For this exercise, copy exactly the lines below from the one with "A sheath until" through the one with "Кронштейн для телевізора" and leave out the pictures.

■ EXTRACTED DATA:
====================
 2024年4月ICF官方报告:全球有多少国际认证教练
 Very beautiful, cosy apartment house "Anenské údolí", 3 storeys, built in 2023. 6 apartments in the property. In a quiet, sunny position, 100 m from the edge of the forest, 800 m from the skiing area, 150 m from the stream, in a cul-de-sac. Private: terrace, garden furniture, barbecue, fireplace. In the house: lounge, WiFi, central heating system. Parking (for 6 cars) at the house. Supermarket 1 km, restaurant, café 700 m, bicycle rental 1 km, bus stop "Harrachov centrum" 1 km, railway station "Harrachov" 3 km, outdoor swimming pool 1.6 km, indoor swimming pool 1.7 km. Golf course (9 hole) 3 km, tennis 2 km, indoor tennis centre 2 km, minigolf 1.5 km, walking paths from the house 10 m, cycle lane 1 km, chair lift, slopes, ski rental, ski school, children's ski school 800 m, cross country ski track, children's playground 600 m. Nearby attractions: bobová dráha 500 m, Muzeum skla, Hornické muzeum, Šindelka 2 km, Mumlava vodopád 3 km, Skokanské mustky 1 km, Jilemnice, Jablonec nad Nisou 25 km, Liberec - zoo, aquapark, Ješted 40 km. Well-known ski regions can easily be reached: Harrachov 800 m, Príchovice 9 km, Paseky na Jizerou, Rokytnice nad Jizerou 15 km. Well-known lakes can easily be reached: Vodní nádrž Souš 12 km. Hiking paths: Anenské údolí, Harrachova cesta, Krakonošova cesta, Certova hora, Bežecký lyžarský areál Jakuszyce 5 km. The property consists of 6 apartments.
====================
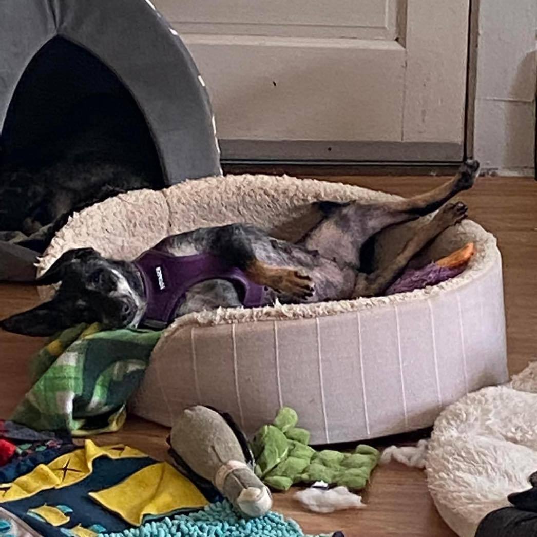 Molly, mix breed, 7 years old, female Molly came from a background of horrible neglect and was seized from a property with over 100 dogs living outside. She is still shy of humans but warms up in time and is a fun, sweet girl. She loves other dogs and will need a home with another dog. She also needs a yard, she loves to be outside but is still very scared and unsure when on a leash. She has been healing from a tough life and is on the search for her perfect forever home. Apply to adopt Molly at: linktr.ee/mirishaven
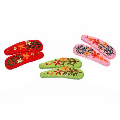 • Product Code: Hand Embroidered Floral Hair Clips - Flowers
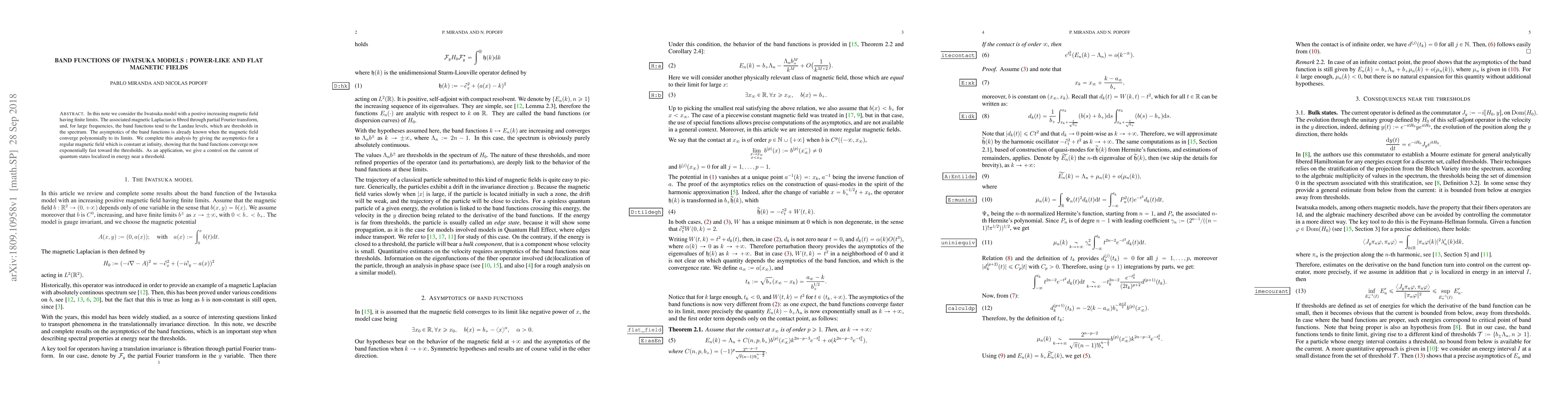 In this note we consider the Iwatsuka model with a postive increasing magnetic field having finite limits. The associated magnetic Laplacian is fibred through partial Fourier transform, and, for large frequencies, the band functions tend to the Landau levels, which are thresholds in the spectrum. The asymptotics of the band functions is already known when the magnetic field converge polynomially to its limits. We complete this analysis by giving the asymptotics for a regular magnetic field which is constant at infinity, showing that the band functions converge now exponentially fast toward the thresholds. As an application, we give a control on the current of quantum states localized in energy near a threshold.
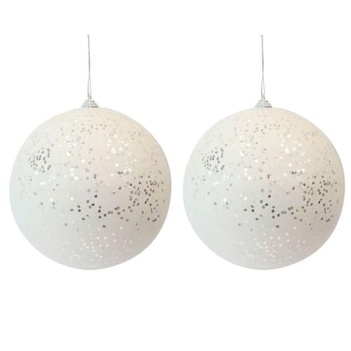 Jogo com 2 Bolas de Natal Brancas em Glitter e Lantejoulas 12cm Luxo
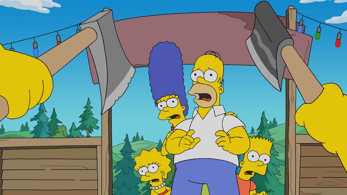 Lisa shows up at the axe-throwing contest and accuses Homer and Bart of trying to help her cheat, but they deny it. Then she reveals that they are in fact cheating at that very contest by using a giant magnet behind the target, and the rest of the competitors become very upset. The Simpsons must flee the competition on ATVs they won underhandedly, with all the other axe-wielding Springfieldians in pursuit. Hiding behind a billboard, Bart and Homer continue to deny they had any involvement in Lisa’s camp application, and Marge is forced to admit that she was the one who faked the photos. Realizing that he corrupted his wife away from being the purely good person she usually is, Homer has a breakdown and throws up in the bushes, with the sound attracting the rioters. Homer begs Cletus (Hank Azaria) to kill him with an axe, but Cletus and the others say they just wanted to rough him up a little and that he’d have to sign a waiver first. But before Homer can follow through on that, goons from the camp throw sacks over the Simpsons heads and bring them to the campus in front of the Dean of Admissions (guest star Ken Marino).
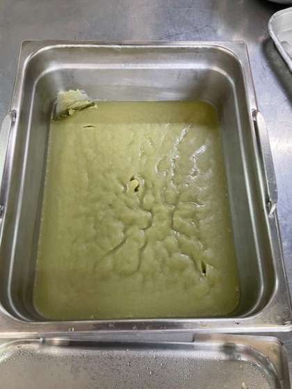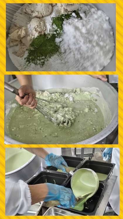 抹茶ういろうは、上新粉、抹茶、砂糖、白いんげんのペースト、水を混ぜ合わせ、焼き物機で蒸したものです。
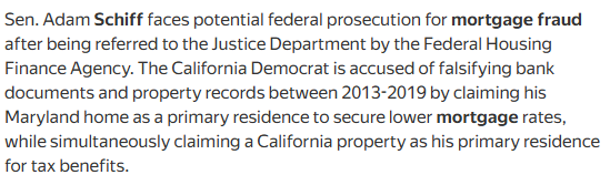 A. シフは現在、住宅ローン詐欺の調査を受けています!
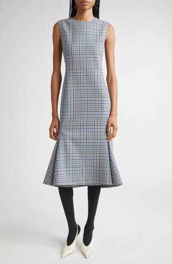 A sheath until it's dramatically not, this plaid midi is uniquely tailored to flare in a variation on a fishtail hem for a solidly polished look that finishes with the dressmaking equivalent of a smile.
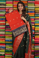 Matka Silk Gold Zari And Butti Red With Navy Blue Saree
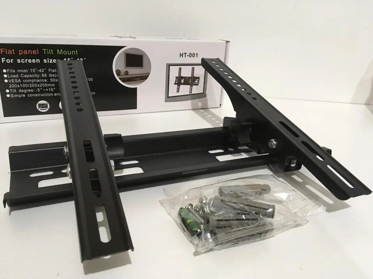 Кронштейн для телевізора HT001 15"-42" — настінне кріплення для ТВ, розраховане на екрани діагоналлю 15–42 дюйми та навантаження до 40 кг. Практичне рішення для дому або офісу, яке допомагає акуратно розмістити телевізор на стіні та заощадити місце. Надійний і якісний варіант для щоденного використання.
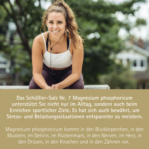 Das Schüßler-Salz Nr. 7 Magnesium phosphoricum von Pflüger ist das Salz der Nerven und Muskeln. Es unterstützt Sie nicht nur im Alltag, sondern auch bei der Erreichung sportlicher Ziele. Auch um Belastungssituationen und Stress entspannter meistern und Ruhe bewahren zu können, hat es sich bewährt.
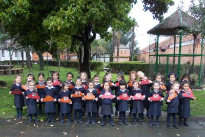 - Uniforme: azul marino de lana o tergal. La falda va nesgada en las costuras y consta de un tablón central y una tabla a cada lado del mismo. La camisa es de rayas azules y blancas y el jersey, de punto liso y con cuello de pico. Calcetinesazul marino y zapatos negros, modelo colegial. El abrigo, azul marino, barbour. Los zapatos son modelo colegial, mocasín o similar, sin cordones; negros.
====================
■ OUTPUT FOR THIS TASK:
 A sheath until it's dramatically not, this plaid midi is uniquely tailored to flare in a variation on a fishtail hem for a solidly polished look that finishes with the dressmaking equivalent of a smile.
 Matka Silk Gold Zari And Butti Red With Navy Blue Saree
 Кронштейн для телевізора HT001 15"-42" — настінне кріплення для ТВ, розраховане на екрани діагоналлю 15–42 дюйми та навантаження до 40 кг. Практичне рішення для дому або офісу, яке допомагає акуратно розмістити телевізор на стіні та заощадити місце. Надійний і якісний варіант для щоденного використання.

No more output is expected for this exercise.